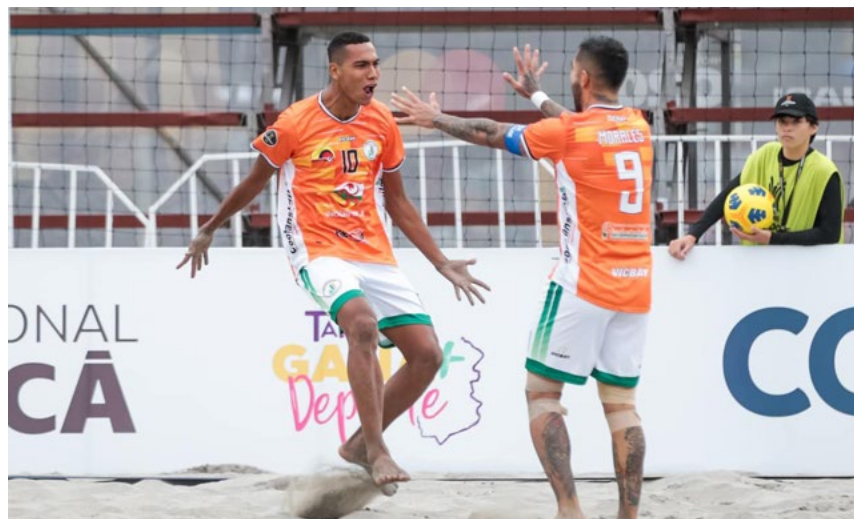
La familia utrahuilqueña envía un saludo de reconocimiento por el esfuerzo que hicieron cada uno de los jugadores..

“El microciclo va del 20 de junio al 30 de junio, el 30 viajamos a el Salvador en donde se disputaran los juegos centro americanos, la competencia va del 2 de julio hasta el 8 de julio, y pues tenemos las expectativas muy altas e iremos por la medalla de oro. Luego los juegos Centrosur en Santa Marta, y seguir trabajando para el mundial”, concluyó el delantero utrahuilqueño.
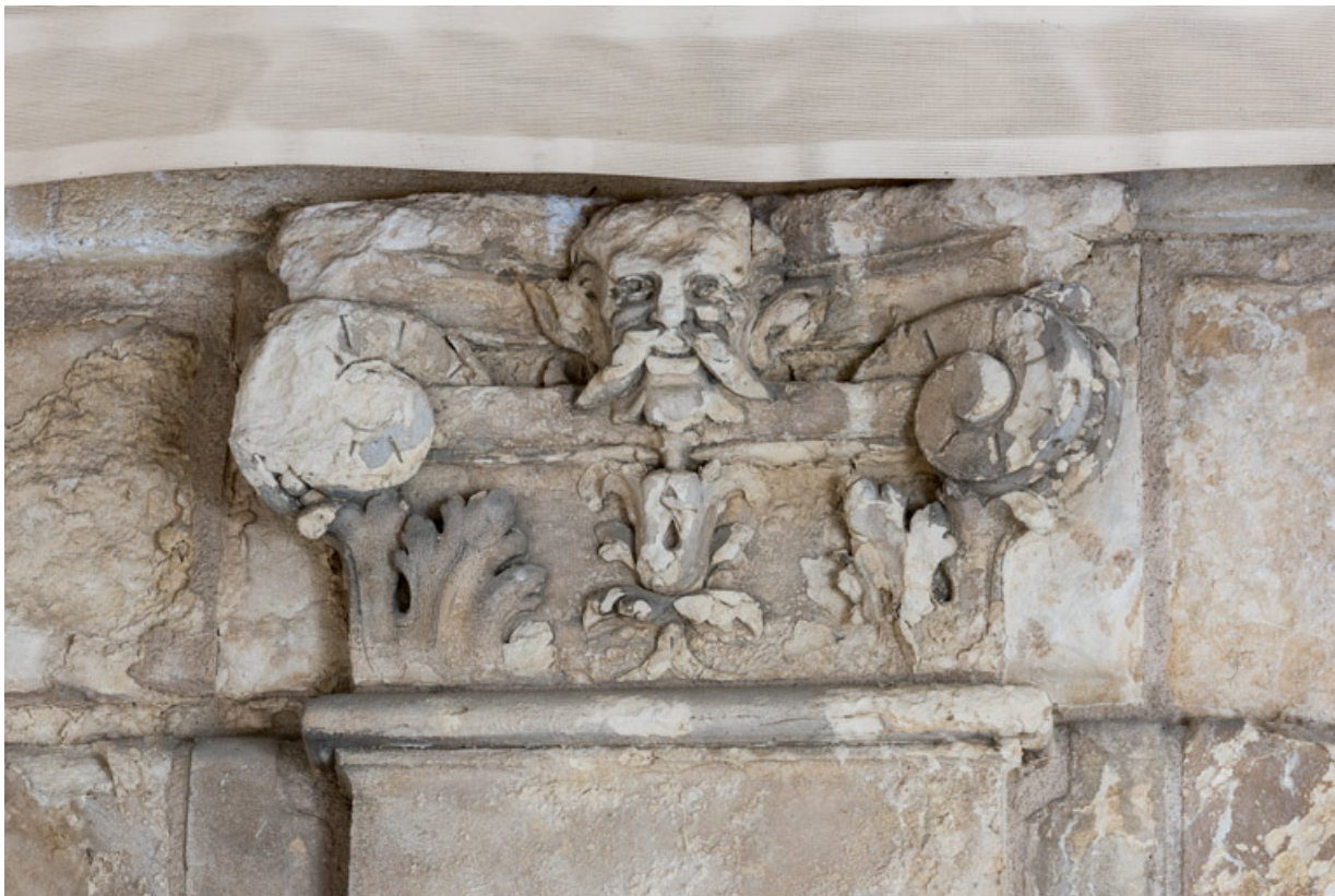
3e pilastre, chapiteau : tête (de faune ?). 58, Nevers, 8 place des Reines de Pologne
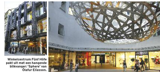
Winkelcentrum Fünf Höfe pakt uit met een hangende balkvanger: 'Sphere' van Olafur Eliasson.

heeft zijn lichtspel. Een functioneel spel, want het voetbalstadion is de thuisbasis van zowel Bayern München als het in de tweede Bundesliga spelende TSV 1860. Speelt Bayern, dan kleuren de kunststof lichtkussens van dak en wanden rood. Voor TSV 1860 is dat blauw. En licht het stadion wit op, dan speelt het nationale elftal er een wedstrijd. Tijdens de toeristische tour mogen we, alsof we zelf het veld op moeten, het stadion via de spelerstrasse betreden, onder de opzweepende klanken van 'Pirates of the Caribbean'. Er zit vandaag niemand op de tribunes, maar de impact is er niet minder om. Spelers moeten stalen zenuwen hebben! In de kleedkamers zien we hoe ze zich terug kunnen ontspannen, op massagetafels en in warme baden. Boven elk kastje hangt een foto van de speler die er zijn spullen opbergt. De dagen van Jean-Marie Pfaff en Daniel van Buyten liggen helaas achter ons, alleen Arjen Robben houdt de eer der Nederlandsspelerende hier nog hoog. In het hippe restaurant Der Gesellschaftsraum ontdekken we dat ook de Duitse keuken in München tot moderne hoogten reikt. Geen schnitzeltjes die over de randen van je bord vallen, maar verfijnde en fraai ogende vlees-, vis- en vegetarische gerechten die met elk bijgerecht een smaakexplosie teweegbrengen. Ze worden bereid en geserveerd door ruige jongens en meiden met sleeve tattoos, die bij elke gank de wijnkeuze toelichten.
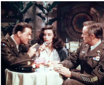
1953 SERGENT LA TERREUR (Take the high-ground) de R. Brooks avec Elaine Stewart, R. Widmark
════════════════
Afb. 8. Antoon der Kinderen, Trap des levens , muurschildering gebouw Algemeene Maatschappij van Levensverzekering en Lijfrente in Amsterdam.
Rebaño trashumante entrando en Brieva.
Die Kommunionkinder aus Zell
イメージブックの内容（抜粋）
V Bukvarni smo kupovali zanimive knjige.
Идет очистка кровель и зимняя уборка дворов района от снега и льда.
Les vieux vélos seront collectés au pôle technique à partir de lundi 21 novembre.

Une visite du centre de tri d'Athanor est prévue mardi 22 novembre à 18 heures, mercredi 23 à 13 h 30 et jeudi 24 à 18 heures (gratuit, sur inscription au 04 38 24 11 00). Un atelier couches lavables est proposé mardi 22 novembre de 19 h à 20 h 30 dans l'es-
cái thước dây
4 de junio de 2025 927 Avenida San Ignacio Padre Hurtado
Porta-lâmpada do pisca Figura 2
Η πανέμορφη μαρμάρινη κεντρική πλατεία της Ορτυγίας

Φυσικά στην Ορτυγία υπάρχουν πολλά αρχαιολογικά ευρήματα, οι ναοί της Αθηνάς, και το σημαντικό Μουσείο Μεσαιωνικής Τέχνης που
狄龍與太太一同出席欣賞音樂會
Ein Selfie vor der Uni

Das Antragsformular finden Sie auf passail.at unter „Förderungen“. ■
════════════════
Task to carry out — Could you retype exactly the lines above, starting at the line that contains "cái thước dây" and ending at the line that contains "Das Antragsformular finden", and nothing more?

Solution to this problem —
cái thước dây
4 de junio de 2025 927 Avenida San Ignacio Padre Hurtado
Porta-lâmpada do pisca Figura 2
Η πανέμορφη μαρμάρινη κεντρική πλατεία της Ορτυγίας

Φυσικά στην Ορτυγία υπάρχουν πολλά αρχαιολογικά ευρήματα, οι ναοί της Αθηνάς, και το σημαντικό Μουσείο Μεσαιωνικής Τέχνης που
狄龍與太太一同出席欣賞音樂會
Ein Selfie vor der Uni

Das Antragsformular finden Sie auf passail.at unter „Förderungen“. ■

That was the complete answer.